Described immune deficiency animal comprises the nude mice of T cellular immunity deficiency, as the rabbit of the mouse of nude rat or mouse (BALB/c-nu nude mice), T cell and B cell Reconstruction in Sever Combined Immunodeciency such as SCID mouse, immune deficiency and monkey etc.
Please refer to accompanying drawing 1, accompanying drawing 1 is people's angioma stem cell and the evaluation thereof of culture in vitro.A. show that with the growth curve of MTT analyzing and testing the stem cell that isolates and cultures has vigorous multiplication capacity, increased initial 16 times at 10 days inner cell numbers; B. RT-PCR result shows the positive cell expression stem cell specific gene Oct-4 that CD133 sorts out, and the obvious expression of negative cells obviously weakens, and S9 is confidential reference items; C. flow cytometry shows the mark that separates the mescenchymal stem cells of cultivating such as stem cell expression CD29, CD44.
The angiomatous animal model form that the present invention sets up and institutional framework all are very similar to human angioma, and the time that forms is fast, almost observe the vascularization situation in the gel after the week, just can observe HE and cut into slices and the volume vascularization is arranged in equal visible vessels knurl stem cell and the Human umbilical vein endothelial cells injection group altogether gel, control group does not then have vascularization.Please refer to accompanying drawing 2, accompanying drawing 3 and accompanying drawing 4, accompanying drawing 2 is Matrigel gels of control group hypodermic injection HUVEC, and accompanying drawing 3 is Matrigel gels of hypodermic injection HemSC+HUVEC, and accompanying drawing 4 is HE sections that hypodermic injection HemSC+HUVEC becomes tumor tissue.After 20-30 days in the place of cell inoculation very tangible human angioma lump appears.Please refer to accompanying drawing 5, accompanying drawing 5 is animal models for tumour.The pathological tissue inspection finds, exists in the tissue of animal model to include red blood cell and a large amount of new vessels etc.We contrast with the infantile hemangioma sample from experiments such as immunohistochemical experiment and histologic sectioies, find that every index almost is equal to the feature of infantile hemangioma.This animal model is very suitable for study of pathogenesis and the exploitation human angiomatous medicine for the treatment of or the method for people's angioma, and estimates curative effect and the angiomatous medicine of screening treatment of various treatment angioma medicines.
Angiomatous endothelial cell is from the endothelial tissue separation and purification of people's umbilical vein and cultivates, angiomatous oncocyte also is that separation and purification comes with cultivation from people's angiomatous histocyte, therefore whole angioma has humanized characteristics fully, overcomes the people source characteristic of in the past having only part.Use the fluorescin tracer technique and confirm, all have a large amount of fluorescence at blood vessel and the tumour cell of animal model, show that formed angioma has humanized cell fully and forms.

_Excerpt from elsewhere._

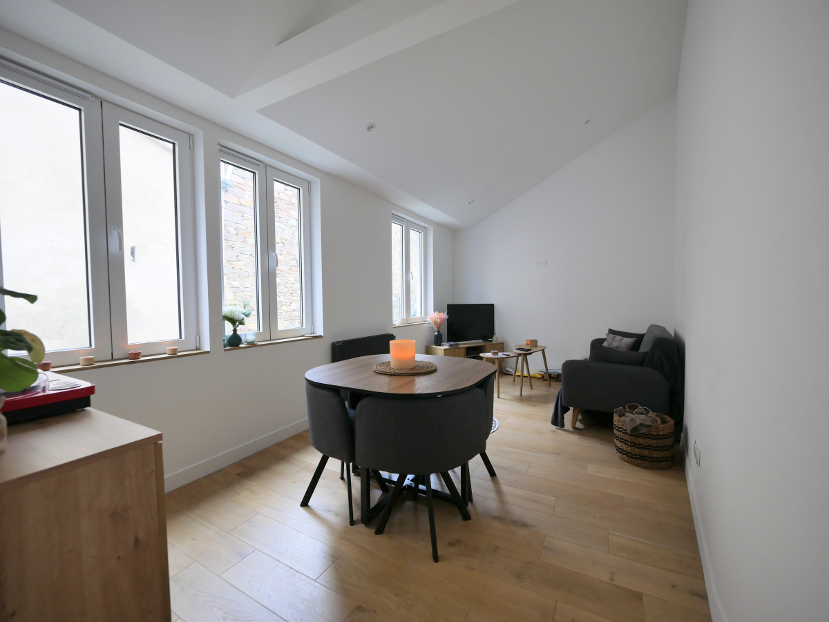 EXCLUSIVITE ! SAJA IMMOBILIER vous propose à REDON, hyper centre, un appartement T2 duplex au 1er étage de 53 m². Rénové avec goût, il comprend une entrée avec buanderie et dressing, une cuisine équipée, un espace bureau, un séjour de 23 m² et un wc. A l’étage une salle d’eau et une chambre. Rénovation en 2023, garantie décennale. Vendu loué 480 euros HC et le bail a été signé le 1er mars 2024 pour une durée de 6 ans. Copropriété de 5 lots et charges annuelles de 240 euros, syndic bénévole. A découvrir sans tarder ! www.sajaimmo.fr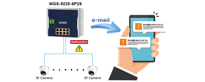 The WGS-5225-8P2S provides event alert function to help to diagnose the abnormal device owing to whether or not there is a break of the network connection, or the rebooting response.

Owing to two kinds of cells inoculating all are humanized cells, so the angioma model of formation has human angiomatous pathological characteristic fully, the histopathological basis experiment also confirms: the blood sinus spline structure that existence is expanded in the angioma tissue and new life's capillary etc.These pathological characteristics are organized closely similar with human angioma.
Embodiment 2
1. from the clinical operation sample of people's angioma, isolate respectively and isolate endothelial cell in people's angioma stem cell and the human umbilical vein and cultivate amplification;
2. with 8 * 10
5Angioma stem cell and 7 * 10
4Human umbilical vein endothelial cells resuspended with the EGM-2 culture fluid of 100 μ l, mixing (contains in the protein 18-22mg/mL) in the high concentration Matrigel of same volume glue then;
3. with syringe that above-mentioned people's angioma stem cell (HemSC) and huve cell (HUVEC) co-inoculation is subcutaneous to the BALB/c-nu nude mice of immune deficiency.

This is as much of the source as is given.